И старушка, согбенная годами, у двери думает:
— Ну, что же, ‘близок час’ — и не страшно: все эти люди за меня помолятся. И молитвы заупокойные и поминальные есть: все продумано, все обделано, все обформлено. Не одинока я, не заброшенная вещь, не потерянная душа. Живу в гнезде, в народном тепле. И жить не страшно, и умереть не больно. То есть и больно, и страшно, но не так.
А одна… я с ума от ужаса бы сошла, хоть и сказано, что ‘блаженны чистые сердцем’, и проч. Со всякою истиною я одна помешалась бы от страха, а со всеми и без особенных истин живу и живу…

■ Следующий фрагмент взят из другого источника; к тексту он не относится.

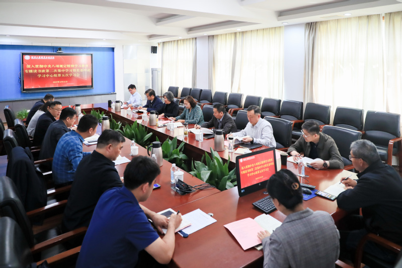 4月22日,党委理论学习中心组在行政楼三楼会议室召开深入贯彻中央八项规定精神学习教育专题读书班第二次集中学习暨党委理论学习中心组专题学习会。校党委理论学习中心组成员参加学习,会议由党委书记刘莹主持。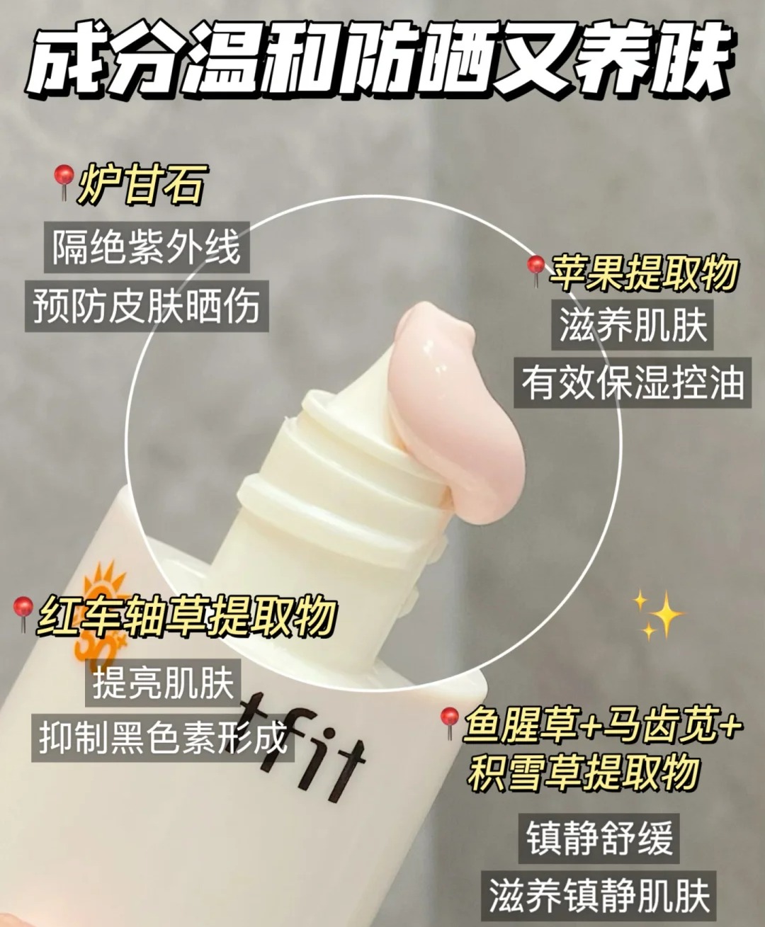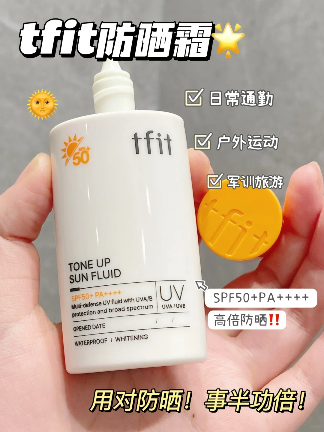 【TFIT韩国进口美白防晒液】17种氨基酸成分!质地水润,强效保湿!美白防晒双结合,粉嫩提亮无假白!高倍防晒,打造水分平衡,赋予肌肤光泽!SPF50+PA++++,50ML!
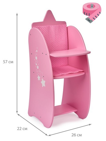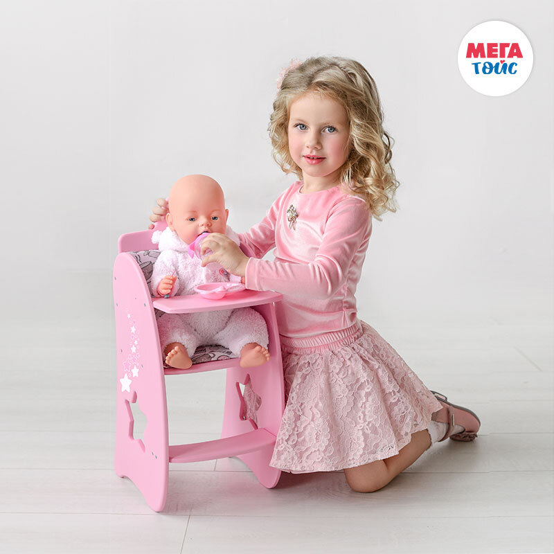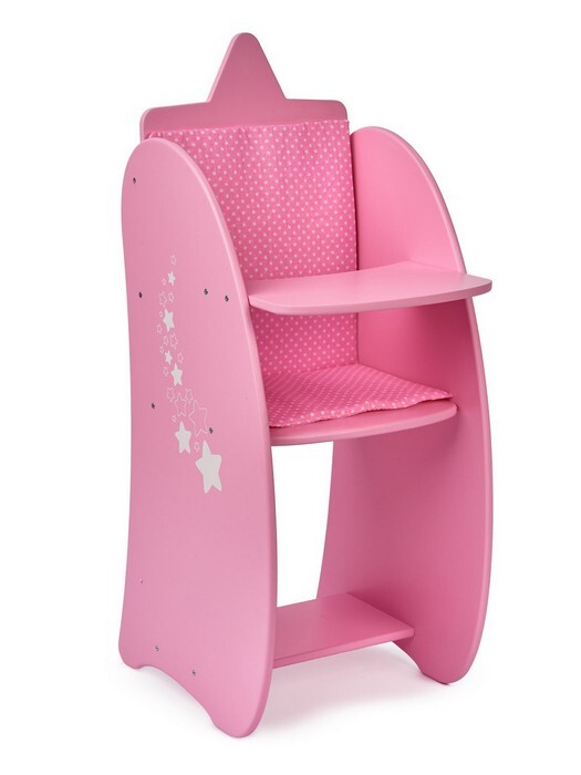 Стульчик для кормления коллекции "Diamond star", понравится каждой девочке. В нем юная мамочка будет с удовольствием кормить своего малыша. Для комфорта куколок, в комплект входит мягкое сиденье со спинкой из 100% хлопка, а стильные вырезы (звездочки) станут украшением интерьера и дополнят коллекцию изысканностью стиля.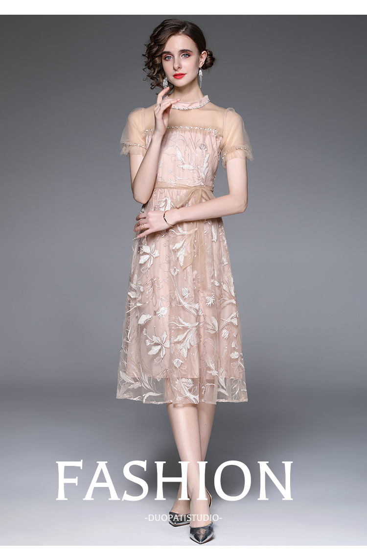 Đầm ngắn tay dành cho nữ, kiểu dáng thắt eo tôn dáng. Chất vải mỏng nhẹ có họa tiết mạng tinh tế, mang đến vẻ đẹp dịu dàng và nữ tính. Thiết kế cổ áp phong cách châu Âu hiện đại, phù hợp cho những ngày hè. Có thể mặc đi làm, dạo phố hay dự các buổi gặp mặt. Dễ dàng phối cùng giày sandal và túi xách tạo nên set đồ hài hòa. | Tên sản phẩm: Váy Đầm Liền Thân Nữ Lưới Mỏng Hàng Mùa Hè - Thời Trang Nữ | Mã sản phẩm: K3316 - Giá: 1.070.000đ | Mã nhà sản xuất: GUDG-G03Hình ảnh sản phẩm

Церковь, таким образом, в великом строительстве дала способ всем жить, все как-то ‘утрясла’ и ‘уладила’, стесала углы, подломила шипы, предупредила чудовищные коллизии, столкновения. Древо жизни, великое древо-человек давало все сок и сок, пахучий, вкусный, сок затвердевал, приобретал формы. Я сказал, что ни по одному из евангельских мотивов невозможно прийти к идее построить церковь, к порыву построить церковь. По этим мотивам только штундисты собираются. Храмы все вообще построены по великим космическим чувствам, живущим в человеке, по основаниям космических категорий, пересекающихся в существе человека, — и по великим психическим, личным, биографическим мотивам: церкви — у нас, как и в древних религиях, — все космичны или психичны, и только, и этому конец. Но мы уже ‘смирны сердцем’, от борьбы устали, — и ‘была бы отворена дверь и куда бы нам пройти’, а чье имя тут поставлено — не станем об этом спорить. И что могут сделать ссылки на Евангелие, на точный смысл Христовых слов, против этого всенародного:
— Мне тут хорошо!
— Пробуждают что-то теплое в моей груди эти фимиамы, кадильный дым, образа, вся видимость.
— Это мне нужно!
Впервые опубликовано: Новое время. 1909. 20 января. No 11803.